Engaging with analysis

Sounds great, right? In a transparent way, non-academics are now involved in everything: choosing which studies are the most important, deciding the focus, choosing the methods and collecting and contributing to the data.

 

But then what? There seems to be a step missing there, what about the analysis?

 

It could be argued that this is the most critical part of the whole process, where researchers summarise, piece together and extrapolate answers from the large mass of data that was collectively gathered. But far too often, this process is a 'black-box' conducted by the researchers themselves, with little if any input from the research participants. It can be a mystery to outsiders, how did researchers come to the particular findings and conclusions from all the different issues that the research revealed? What was discarded? Why was the data interpreted in this way?

 

This process is usually glossed over even in journal articles and final reports, and explaining the process to participants is difficult. Often this is a technical limitation: if you are conducting a muli-factor longitudinal study, the calculation of the statistical analysis is usually beyond all but the most mathematically minded academics, let alone the average Jo.

 

Yet this is also a problem in qualitative research, where participatory methods are often used. Between grounded theory, framework analysis and emergent coding, the approach is complicated and contested even within academia. Furthermore, qualitative analysis is a very lengthy process, with researchers reading and re-reading hundreds or thousands of pages of text: a prospect unappealing to often unpaid research participants.

 

Finally, the existing technical solutions don't seem to help. Software like Nvivo, often used for this type of analysis, is daunting for many researchers without training, and encouraging people from outside the field to try and use it, with all the training and licensing implications of this, makes for an effective brick wall. There are ways to make analysis engaging for everyone, but many research projects don't attempt participation at the analysis stage.

 

Intuitive software to the rescue?

By making qualitative analysis visual and engaging, Quirkos hopes to make participatory analysis a bit more feasible. Users don't require lengthy training, and everyone can have a go.
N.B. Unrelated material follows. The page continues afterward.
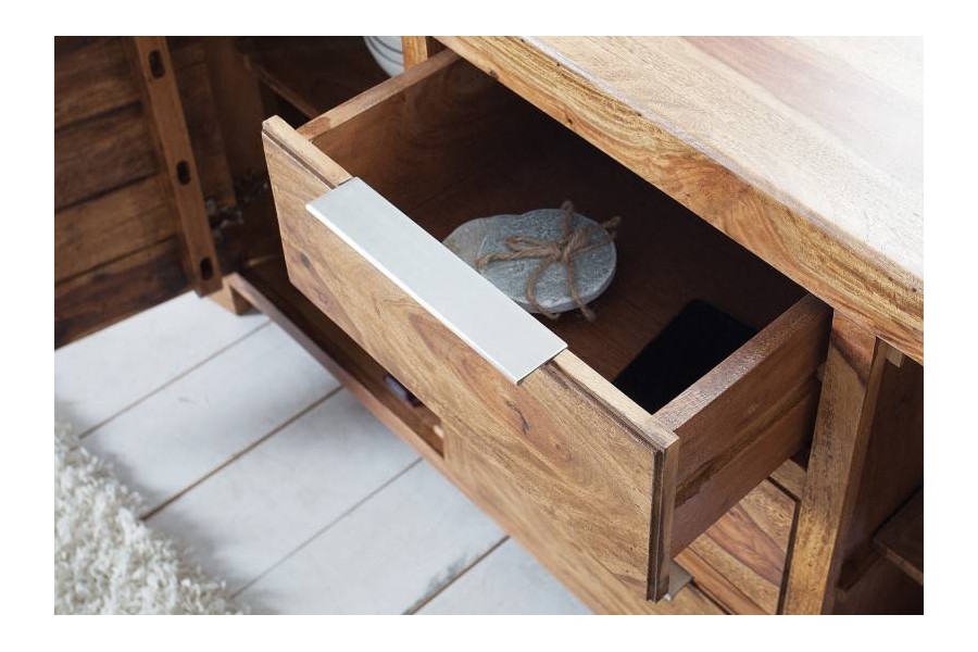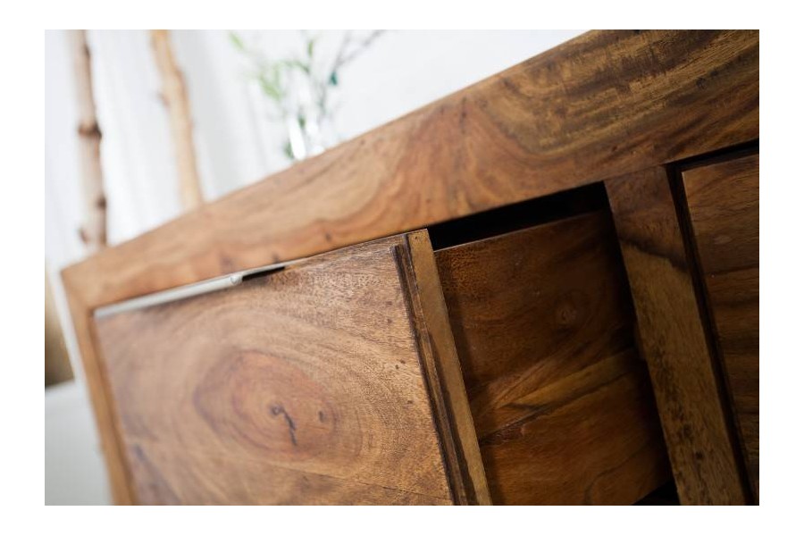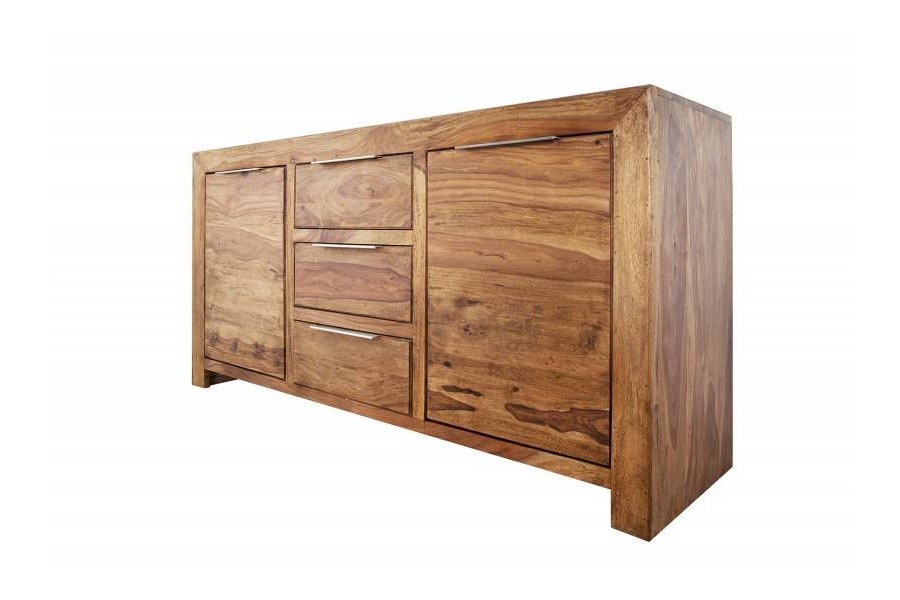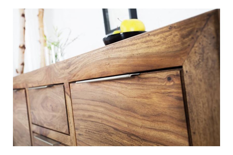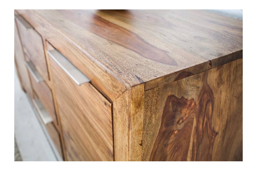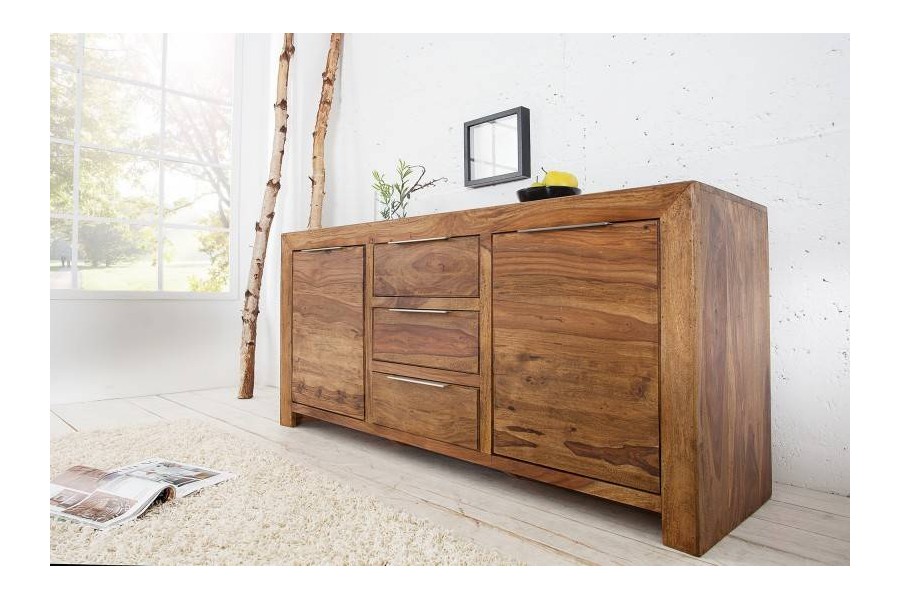 Un buffet en bois de palissandre naturel, avec 2 portes, 3 tiroirs, et des poignées en métal parfait pour un intérieur moderne.

They can make their own topics, analyse their own transcripts (or other people's), and individuals in a large community group can go away and do as little or as much as they like, and the results can be combined, with the team knowing who did what (if desired).

 

It can also become a dynamic group exercise, where with a tablet, large touch surface or projector, everyone can be 'hands on' at once. Rather than doing analysis on flip-charts that someone has to take away and process after the event, the real coding and analysis is done live, on the fly. Everyone can see how the analysis is building, and how the findings are emerging as the bubbles grow. Finally, when it comes to share the findings, rather than long spreadsheets of results, you get a picture – the bubbles tell the story and the issues.

 

Quirkos offers a way to practically and affordably facilitate proper end-to-end participatory research, and finally close the loop to make participation part of every stage in the research process.